* RECORDED INFORMATION *
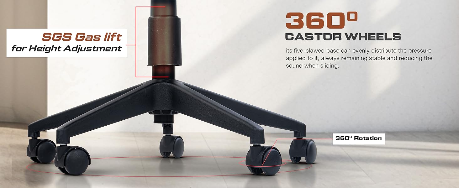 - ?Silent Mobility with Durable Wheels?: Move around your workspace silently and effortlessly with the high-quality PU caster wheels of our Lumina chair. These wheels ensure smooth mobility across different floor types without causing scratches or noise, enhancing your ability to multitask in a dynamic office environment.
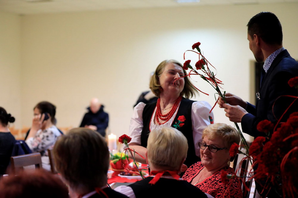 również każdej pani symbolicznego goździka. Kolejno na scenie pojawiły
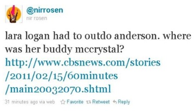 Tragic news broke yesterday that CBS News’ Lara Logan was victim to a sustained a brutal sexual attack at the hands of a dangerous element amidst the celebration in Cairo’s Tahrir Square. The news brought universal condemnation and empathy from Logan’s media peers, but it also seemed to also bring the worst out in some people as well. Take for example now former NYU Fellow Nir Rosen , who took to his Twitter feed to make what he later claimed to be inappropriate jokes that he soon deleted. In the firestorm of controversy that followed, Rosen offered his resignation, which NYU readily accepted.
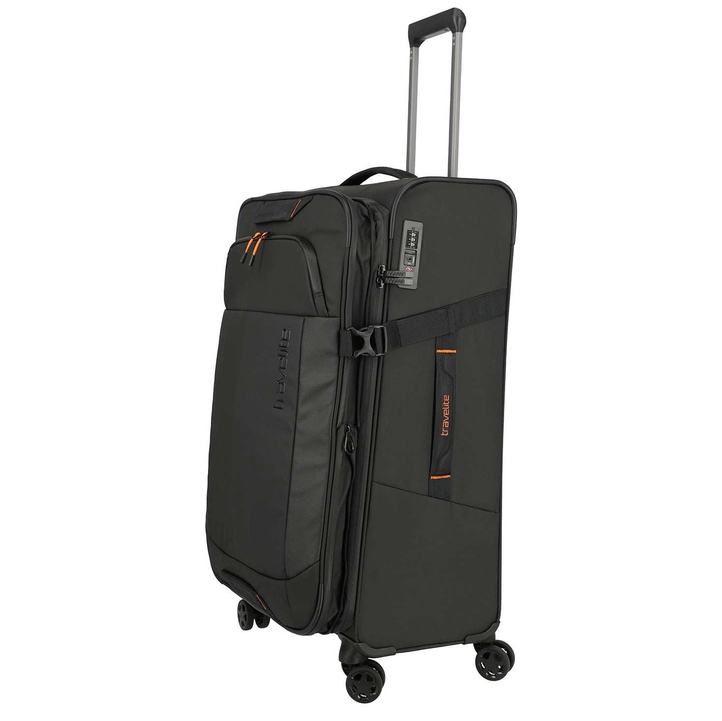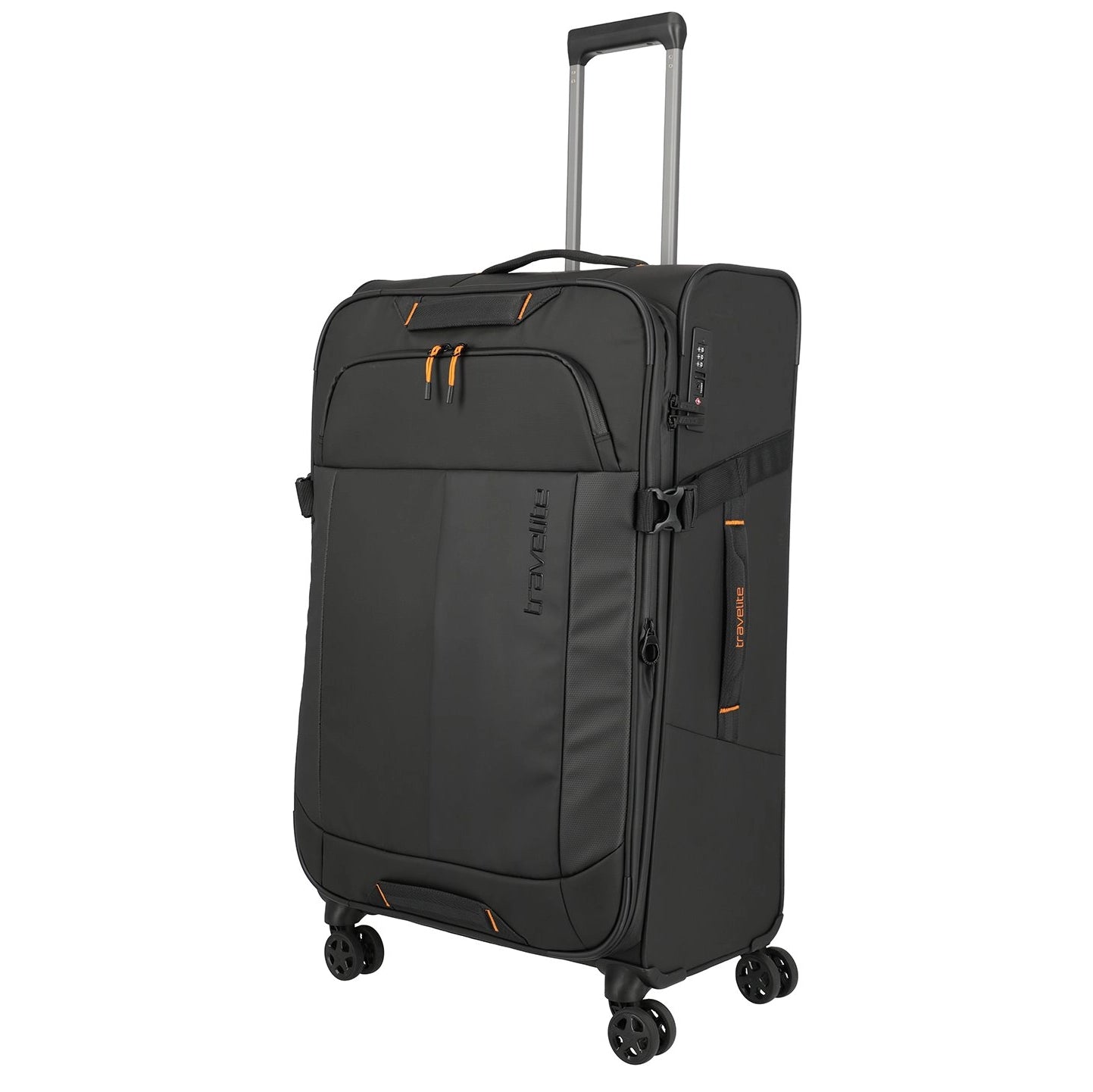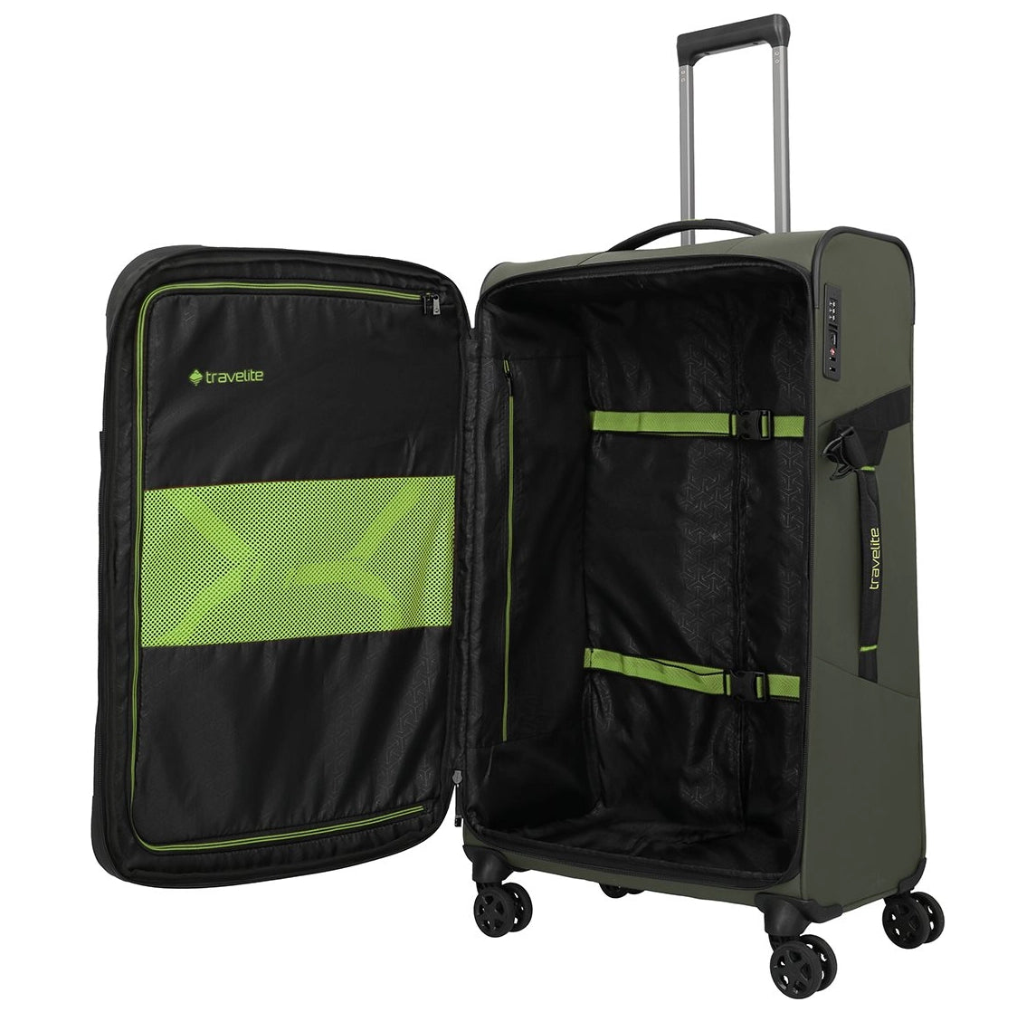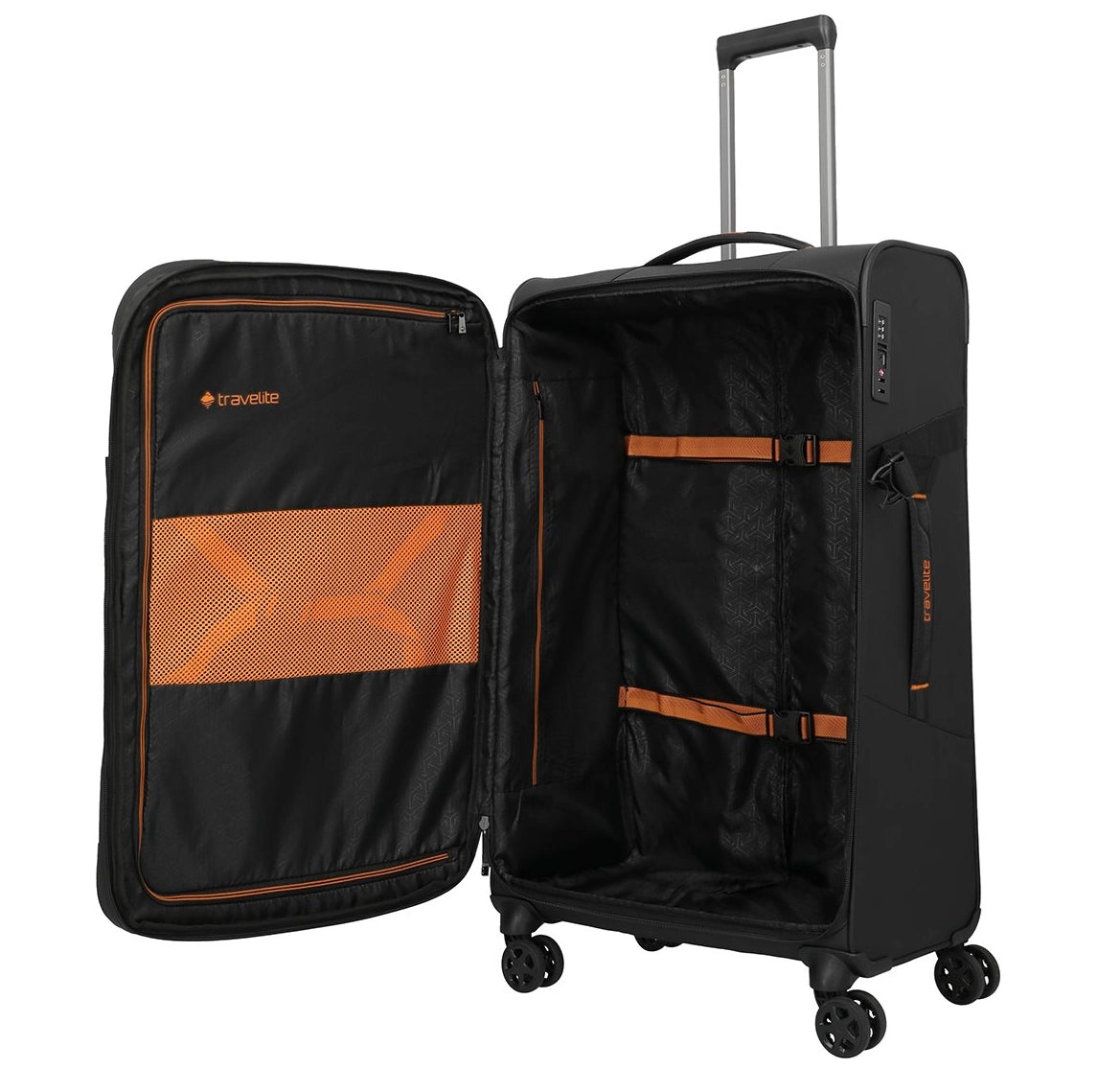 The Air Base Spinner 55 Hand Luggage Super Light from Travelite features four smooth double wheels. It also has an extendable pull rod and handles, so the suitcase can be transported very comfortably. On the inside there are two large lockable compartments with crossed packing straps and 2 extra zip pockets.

...

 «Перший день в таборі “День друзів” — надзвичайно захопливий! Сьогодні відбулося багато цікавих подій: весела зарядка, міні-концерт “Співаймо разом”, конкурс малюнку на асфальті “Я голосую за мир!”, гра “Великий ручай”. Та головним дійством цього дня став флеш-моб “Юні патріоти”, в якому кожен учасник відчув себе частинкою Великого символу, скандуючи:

==

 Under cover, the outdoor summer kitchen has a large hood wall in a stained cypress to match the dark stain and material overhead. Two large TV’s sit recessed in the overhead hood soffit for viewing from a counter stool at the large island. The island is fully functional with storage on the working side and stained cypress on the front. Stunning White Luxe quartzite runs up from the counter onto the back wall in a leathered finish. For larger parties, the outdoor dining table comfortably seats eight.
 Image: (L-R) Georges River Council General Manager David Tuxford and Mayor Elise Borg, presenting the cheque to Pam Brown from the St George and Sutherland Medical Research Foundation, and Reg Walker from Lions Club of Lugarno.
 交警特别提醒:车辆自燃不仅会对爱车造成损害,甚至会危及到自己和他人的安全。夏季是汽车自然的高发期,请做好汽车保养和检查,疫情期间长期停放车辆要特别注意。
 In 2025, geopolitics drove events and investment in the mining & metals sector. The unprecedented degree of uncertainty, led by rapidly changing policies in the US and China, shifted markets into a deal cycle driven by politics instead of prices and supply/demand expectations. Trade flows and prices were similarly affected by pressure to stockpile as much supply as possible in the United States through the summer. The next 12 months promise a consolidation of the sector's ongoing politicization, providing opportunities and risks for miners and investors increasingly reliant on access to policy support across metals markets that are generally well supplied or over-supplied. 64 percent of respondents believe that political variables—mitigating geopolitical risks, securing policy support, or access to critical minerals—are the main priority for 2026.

* HOW TO COMPLETE THIS TASK *
Copy nothing but the lines above that run from the one with "- ?Silent Mobility" to the one with "również każdej pani", ends included; pictures stay out.

* SOLUTION TO THIS TASK *
 - ?Silent Mobility with Durable Wheels?: Move around your workspace silently and effortlessly with the high-quality PU caster wheels of our Lumina chair. These wheels ensure smooth mobility across different floor types without causing scratches or noise, enhancing your ability to multitask in a dynamic office environment.
 również każdej pani symbolicznego goździka. Kolejno na scenie pojawiły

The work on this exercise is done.